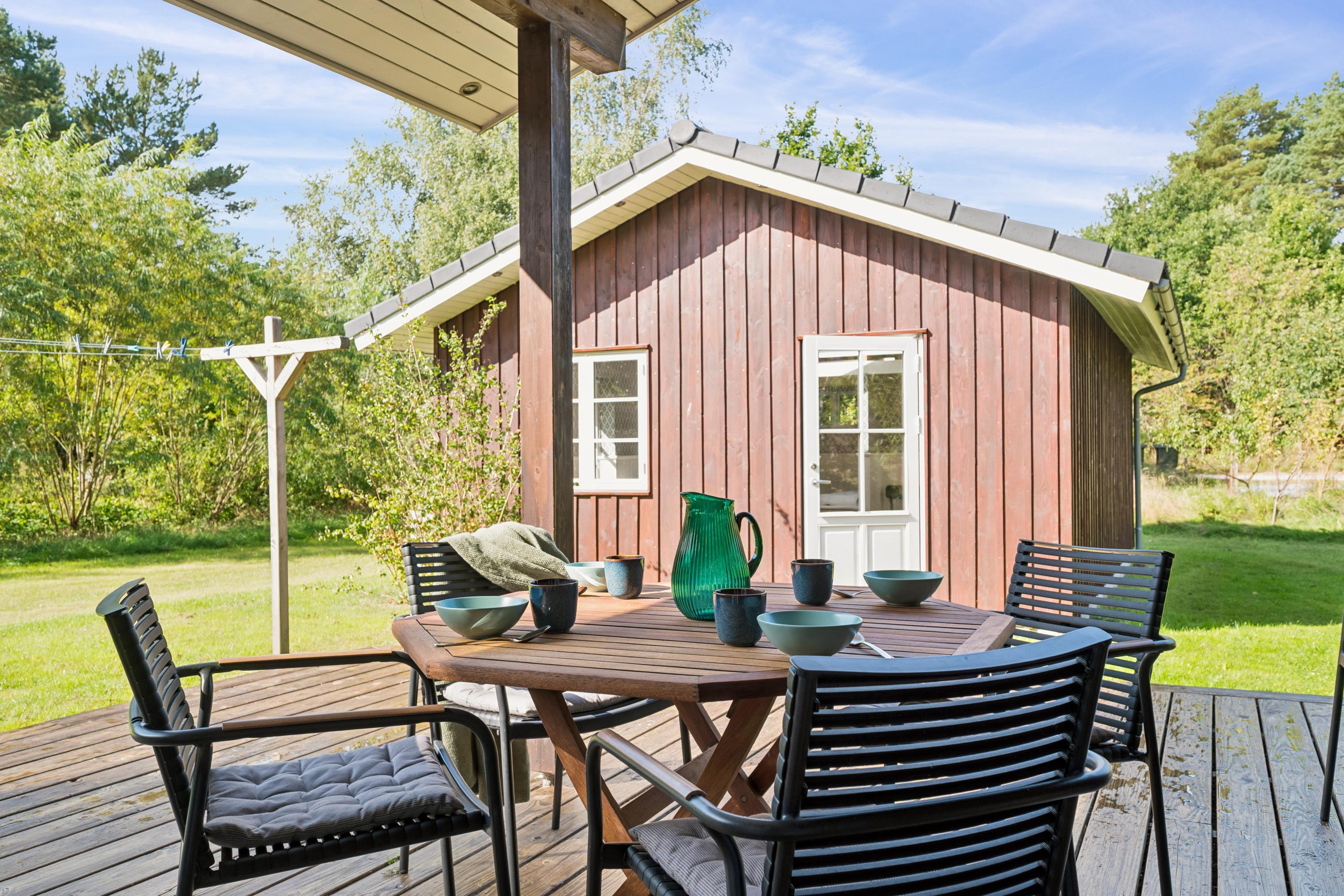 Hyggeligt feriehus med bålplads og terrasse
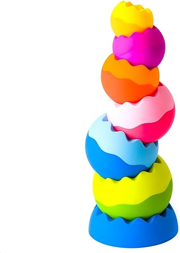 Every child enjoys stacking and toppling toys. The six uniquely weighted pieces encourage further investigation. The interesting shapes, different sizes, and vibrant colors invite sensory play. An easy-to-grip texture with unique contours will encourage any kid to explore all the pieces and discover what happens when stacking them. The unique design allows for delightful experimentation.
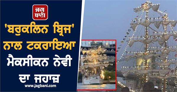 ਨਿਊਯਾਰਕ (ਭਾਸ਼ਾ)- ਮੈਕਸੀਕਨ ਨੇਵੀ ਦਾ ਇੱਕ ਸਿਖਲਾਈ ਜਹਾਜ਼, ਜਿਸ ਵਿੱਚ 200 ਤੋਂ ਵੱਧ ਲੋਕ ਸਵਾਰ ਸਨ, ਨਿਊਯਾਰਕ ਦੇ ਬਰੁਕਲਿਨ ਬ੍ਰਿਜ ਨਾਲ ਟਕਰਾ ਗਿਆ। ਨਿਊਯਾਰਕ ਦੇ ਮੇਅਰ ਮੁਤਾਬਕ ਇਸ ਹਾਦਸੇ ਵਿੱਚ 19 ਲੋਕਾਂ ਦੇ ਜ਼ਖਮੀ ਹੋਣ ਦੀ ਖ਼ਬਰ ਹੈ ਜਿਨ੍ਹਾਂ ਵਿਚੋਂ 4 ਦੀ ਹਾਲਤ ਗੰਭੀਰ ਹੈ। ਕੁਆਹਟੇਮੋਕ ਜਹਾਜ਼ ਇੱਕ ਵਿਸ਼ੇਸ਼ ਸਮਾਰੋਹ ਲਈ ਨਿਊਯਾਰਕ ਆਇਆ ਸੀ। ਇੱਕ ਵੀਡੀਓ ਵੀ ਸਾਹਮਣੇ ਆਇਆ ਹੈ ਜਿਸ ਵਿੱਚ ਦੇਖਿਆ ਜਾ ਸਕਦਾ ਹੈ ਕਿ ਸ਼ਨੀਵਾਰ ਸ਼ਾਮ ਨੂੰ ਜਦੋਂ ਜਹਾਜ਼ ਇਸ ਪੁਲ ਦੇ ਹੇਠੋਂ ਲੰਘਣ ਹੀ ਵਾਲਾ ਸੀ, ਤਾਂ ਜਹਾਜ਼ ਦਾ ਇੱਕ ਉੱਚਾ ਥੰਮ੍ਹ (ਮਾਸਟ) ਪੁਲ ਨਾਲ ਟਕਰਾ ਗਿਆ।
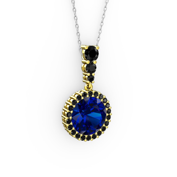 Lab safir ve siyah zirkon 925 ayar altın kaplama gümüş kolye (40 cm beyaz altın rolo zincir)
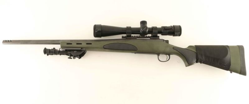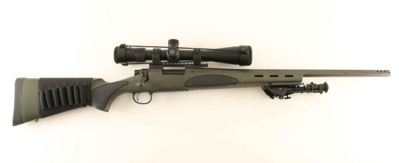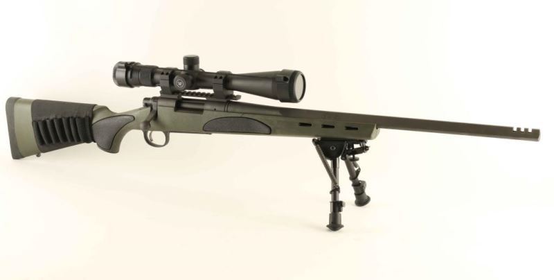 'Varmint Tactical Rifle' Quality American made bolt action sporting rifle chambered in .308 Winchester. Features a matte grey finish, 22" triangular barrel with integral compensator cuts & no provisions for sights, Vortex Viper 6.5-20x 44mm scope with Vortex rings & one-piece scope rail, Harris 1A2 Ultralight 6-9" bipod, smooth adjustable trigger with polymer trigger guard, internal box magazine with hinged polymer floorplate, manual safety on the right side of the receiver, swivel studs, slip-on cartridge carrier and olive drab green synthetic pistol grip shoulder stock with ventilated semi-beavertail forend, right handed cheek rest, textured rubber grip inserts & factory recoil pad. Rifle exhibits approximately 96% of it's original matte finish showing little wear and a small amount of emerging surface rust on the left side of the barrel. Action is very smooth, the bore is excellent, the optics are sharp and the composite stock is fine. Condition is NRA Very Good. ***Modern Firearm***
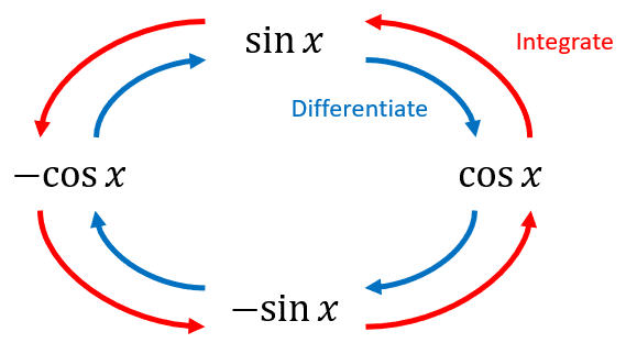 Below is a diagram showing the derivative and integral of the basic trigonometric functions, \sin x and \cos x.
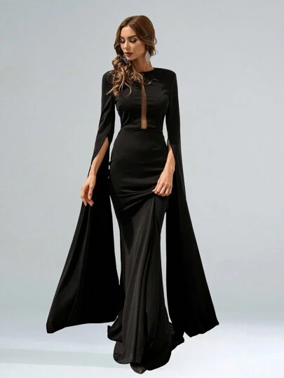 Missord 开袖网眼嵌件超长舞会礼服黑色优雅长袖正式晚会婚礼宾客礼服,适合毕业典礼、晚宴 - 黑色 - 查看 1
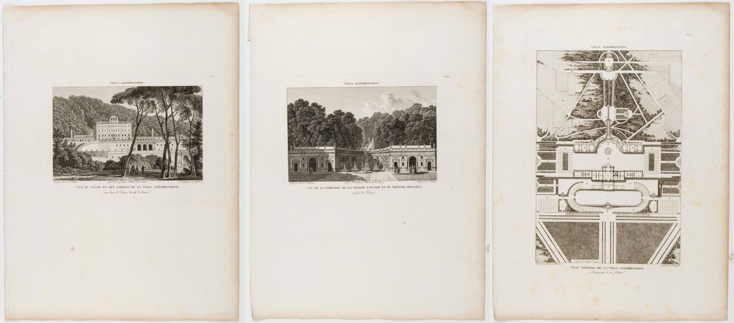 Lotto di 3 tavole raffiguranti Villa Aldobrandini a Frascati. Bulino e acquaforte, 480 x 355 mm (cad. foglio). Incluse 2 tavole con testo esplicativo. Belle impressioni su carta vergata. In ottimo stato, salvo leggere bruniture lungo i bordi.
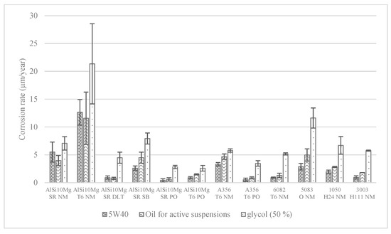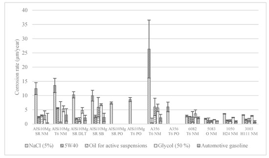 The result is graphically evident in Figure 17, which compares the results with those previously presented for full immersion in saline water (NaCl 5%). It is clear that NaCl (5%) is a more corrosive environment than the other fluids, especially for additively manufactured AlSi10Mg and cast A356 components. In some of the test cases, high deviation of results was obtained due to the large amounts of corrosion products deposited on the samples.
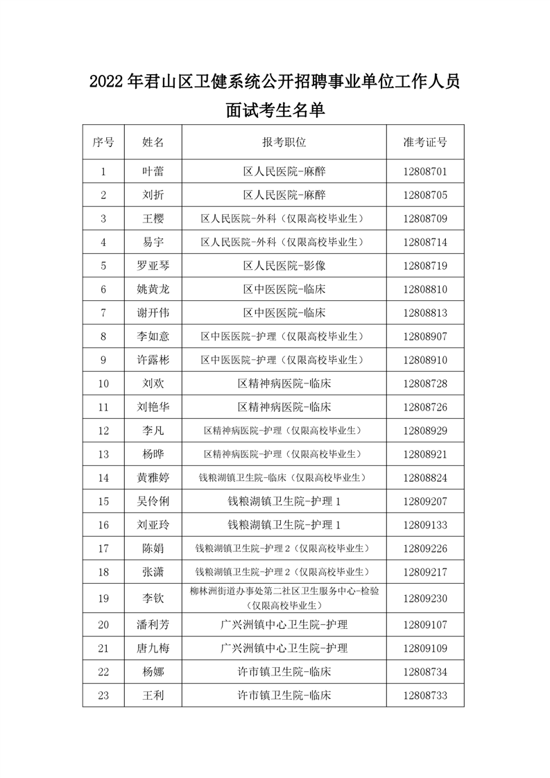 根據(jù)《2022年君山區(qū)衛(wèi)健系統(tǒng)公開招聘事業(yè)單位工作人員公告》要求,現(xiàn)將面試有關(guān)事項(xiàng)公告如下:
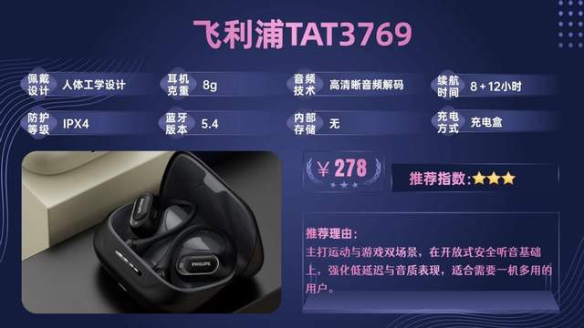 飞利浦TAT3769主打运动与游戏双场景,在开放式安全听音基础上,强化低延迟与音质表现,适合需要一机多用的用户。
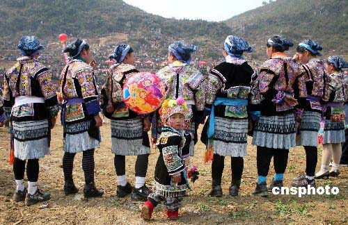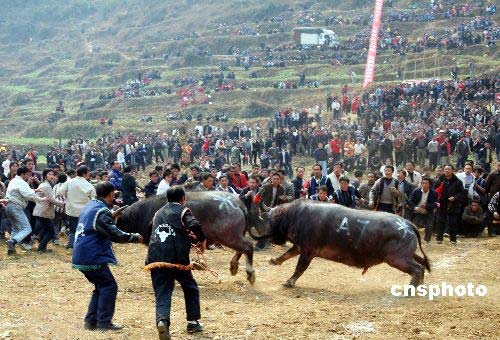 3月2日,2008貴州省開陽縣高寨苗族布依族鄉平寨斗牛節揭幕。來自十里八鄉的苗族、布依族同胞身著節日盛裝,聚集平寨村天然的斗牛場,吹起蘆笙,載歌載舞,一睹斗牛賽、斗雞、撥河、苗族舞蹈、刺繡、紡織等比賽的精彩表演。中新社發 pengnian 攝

Aim of the task: Everything from the first line of the records through the line containing "Every child enjoys" should be repeated exactly, with the pictures left out.

Problem solution:
 Hyggeligt feriehus med bålplads og terrasse
 Every child enjoys stacking and toppling toys. The six uniquely weighted pieces encourage further investigation. The interesting shapes, different sizes, and vibrant colors invite sensory play. An easy-to-grip texture with unique contours will encourage any kid to explore all the pieces and discover what happens when stacking them. The unique design allows for delightful experimentation.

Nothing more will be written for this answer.